GOAL OF THE EXERCISE:
The answer should consist of the full listing below, repeated exactly and free of pictures.

GIVEN DATA:

-- Opening Marker --

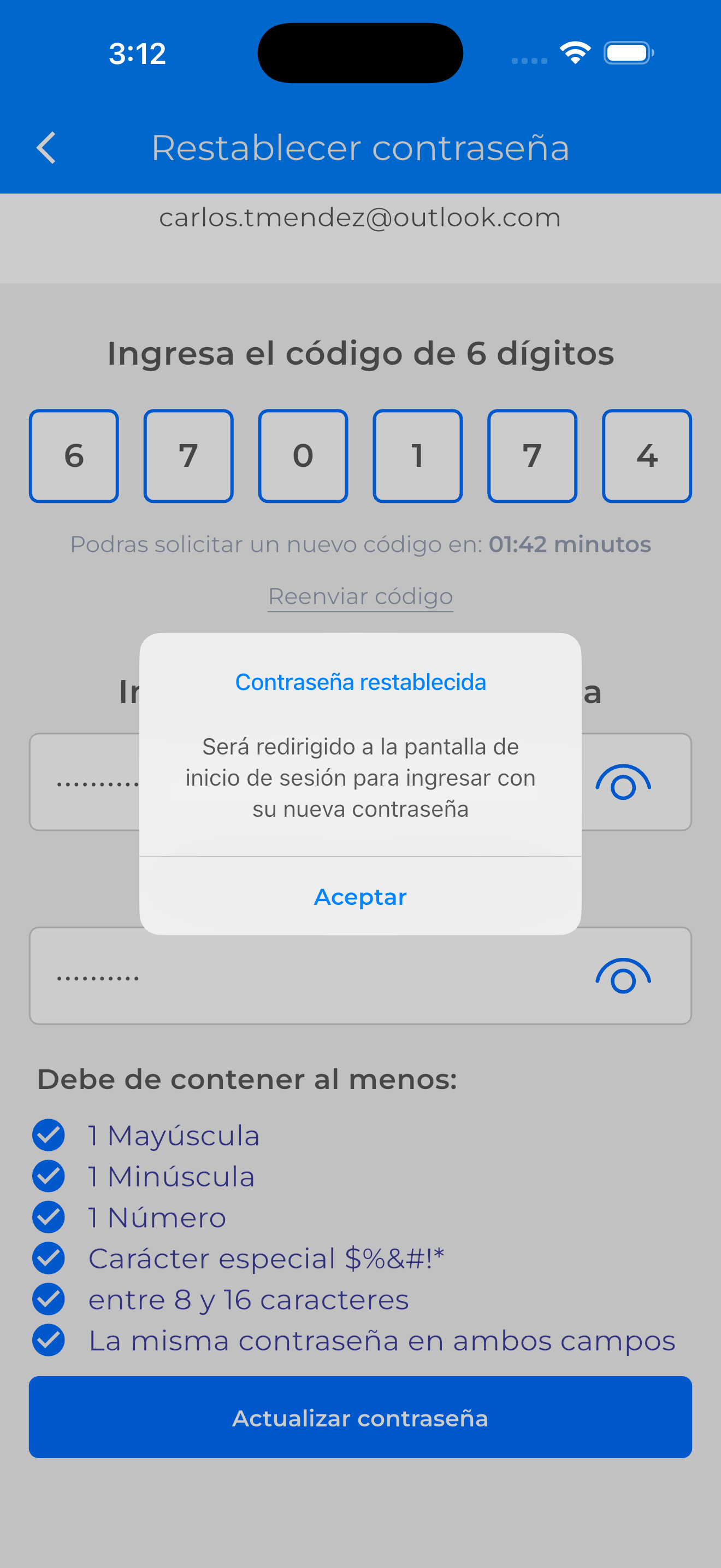 Finalmente podrás visualizar el mensaje de Contraseña restablecida.
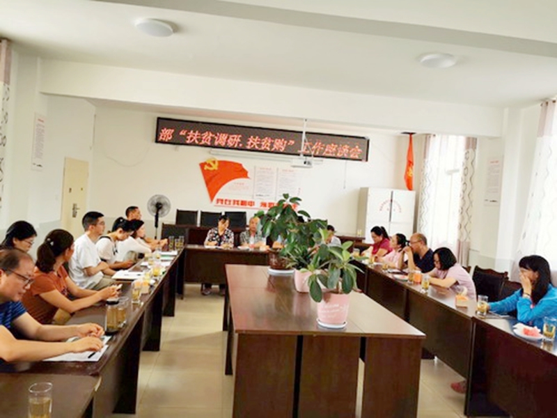 针对调研中发现的问题,民革党员们在楠水村村委召开了扶贫调研、扶贫购、扶贫建言座谈会。大家纷纷献策出力,采取录制视频、转发微信、网络直播等形式,帮助合作社扩大宣传和促进销售。大家还以“以买代扶,以购代捐”的形式购买近万元的产品,通过“消费扶贫”助力该村脱贫攻坚。
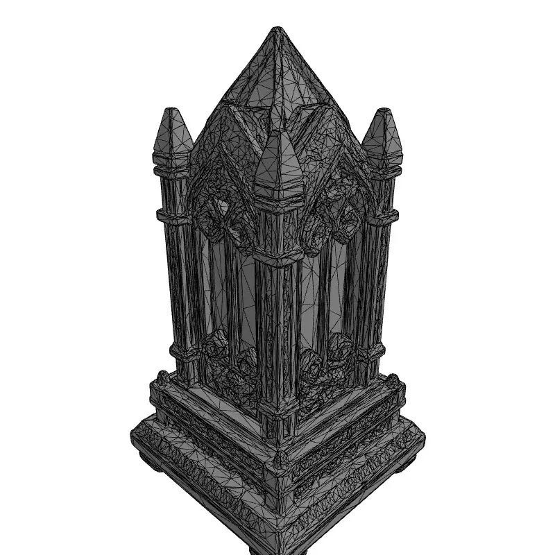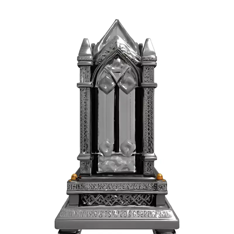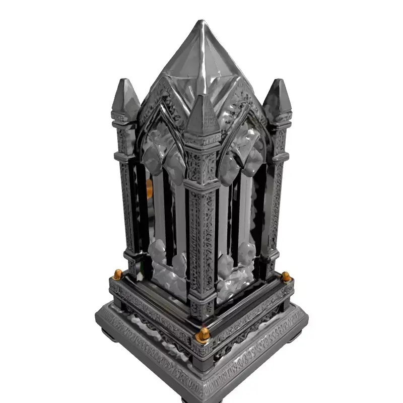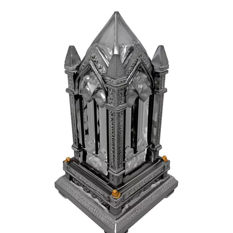 Presenting a meticulously crafted 3D model of an ornate Gothic crystal object, exuding luxury and historical grandeur. This highly detailed asset features a sophisticated metallic framework adorned with numerous precisely cut gemstones, mimicking the intricate designs found in ancient reliquaries or ceremonial lanterns. The model's design incorporates classic Gothic architectural elements such as pointed arches, spires, and elaborate tracery, giving it a distinctive and elegant silhouette.

-- Closing Marker --

RESPONSE AREA:
 Finalmente podrás visualizar el mensaje de Contraseña restablecida.
 针对调研中发现的问题,民革党员们在楠水村村委召开了扶贫调研、扶贫购、扶贫建言座谈会。大家纷纷献策出力,采取录制视频、转发微信、网络直播等形式,帮助合作社扩大宣传和促进销售。大家还以“以买代扶,以购代捐”的形式购买近万元的产品,通过“消费扶贫”助力该村脱贫攻坚。
 Presenting a meticulously crafted 3D model of an ornate Gothic crystal object, exuding luxury and historical grandeur. This highly detailed asset features a sophisticated metallic framework adorned with numerous precisely cut gemstones, mimicking the intricate designs found in ancient reliquaries or ceremonial lanterns. The model's design incorporates classic Gothic architectural elements such as pointed arches, spires, and elaborate tracery, giving it a distinctive and elegant silhouette.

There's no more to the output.